The petition also claimed that RA 10354 violates the Constitutional proscription against involuntary servitude or the freedom of an individual from doing an act which he does not intend to do.

"It (RA 10154)... compels individuals and institutions to provide and refer reproductive health services... [t]he requirement to immediately refer the matter to another health care service provider is still considered a compulsion of these practices on the health care service provider who objected.

"In turn, it also prohibits the free exercise of religion, in case their religion prohibit such kind of service as a practice," the petition read.

This, the petition stressed, not only mandates involuntary servitude, but is also a form of harassment on medical profession practitioners.

Petitioners also argued that the title of the law embraces more than one subject which fall under different provisions of the Constitution.

"Falling under two different provisions of the Constitution, it is clear that these two phrases cover different rights. As such, they should be covered by different laws as well," the petition stated.

Another ground for the nullification of the law is that it violates a person's right to life, petitioners claimed.

They argued that life begins at fertilization, and that the pill is an abortifacient.

The petition claimed that oral contraceptives not only inhibit ovulation, they also modify the endometrium (uterus lining), preventing implantation of the fertilized egg.

"All the measures which impair the viability of the zygote at anytime between the instant of fertilization and the completion of labor, constitute, procedures for inducing abortion," the petition read, quoting the US Dept. of Health.

Aside from allegedly violating the life of the unborn child, the assailed law also endangers the life of the mother, the petitioners stressed. This is because, according to them, the law "allows the women to use certain drugs that are not only abortifacients but also cause long-term illnesses to women."

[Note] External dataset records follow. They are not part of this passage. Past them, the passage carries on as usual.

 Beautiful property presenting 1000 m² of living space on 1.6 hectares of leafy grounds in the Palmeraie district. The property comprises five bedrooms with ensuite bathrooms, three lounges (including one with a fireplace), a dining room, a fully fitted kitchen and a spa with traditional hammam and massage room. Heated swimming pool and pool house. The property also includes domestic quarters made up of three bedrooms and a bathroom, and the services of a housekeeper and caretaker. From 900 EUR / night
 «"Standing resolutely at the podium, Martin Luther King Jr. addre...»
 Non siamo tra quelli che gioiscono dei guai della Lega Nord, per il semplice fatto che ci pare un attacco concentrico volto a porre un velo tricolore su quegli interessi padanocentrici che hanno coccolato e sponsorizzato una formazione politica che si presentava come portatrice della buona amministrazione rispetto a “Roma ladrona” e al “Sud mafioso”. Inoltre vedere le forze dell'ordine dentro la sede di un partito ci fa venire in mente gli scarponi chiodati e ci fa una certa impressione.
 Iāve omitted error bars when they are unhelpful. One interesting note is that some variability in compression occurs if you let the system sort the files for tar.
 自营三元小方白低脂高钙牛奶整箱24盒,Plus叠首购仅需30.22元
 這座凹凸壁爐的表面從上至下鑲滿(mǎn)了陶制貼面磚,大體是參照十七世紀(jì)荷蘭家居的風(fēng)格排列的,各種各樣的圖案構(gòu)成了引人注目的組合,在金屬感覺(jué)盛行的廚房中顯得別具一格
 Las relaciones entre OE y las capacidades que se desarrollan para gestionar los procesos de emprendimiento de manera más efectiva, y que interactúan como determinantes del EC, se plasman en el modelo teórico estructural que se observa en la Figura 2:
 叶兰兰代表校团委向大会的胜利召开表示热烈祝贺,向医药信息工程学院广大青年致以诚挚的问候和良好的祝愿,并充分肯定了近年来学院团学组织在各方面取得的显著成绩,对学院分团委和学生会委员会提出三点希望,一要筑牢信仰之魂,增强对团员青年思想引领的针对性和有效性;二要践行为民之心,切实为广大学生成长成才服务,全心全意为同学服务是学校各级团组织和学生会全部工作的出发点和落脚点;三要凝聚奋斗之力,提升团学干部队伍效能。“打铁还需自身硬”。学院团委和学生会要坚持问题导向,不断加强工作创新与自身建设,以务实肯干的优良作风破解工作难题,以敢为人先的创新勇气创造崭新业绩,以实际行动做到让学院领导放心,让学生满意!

The petition cited a monograph released in 2011 by a working group under the World Health Organization's International Agency for Research on Cancer (IARC), which made an "overall evaluation" that "oral combined estrogen-progesterone contraceptives are carcinogenic (cancer-causing) to humans." These cancers reportedly include cancer of the breast, cancer of the uterine cervix, and cancer of the liver.

Petitioners also argued that the law "authorizes the state to control the private education sector, medical industry and employers."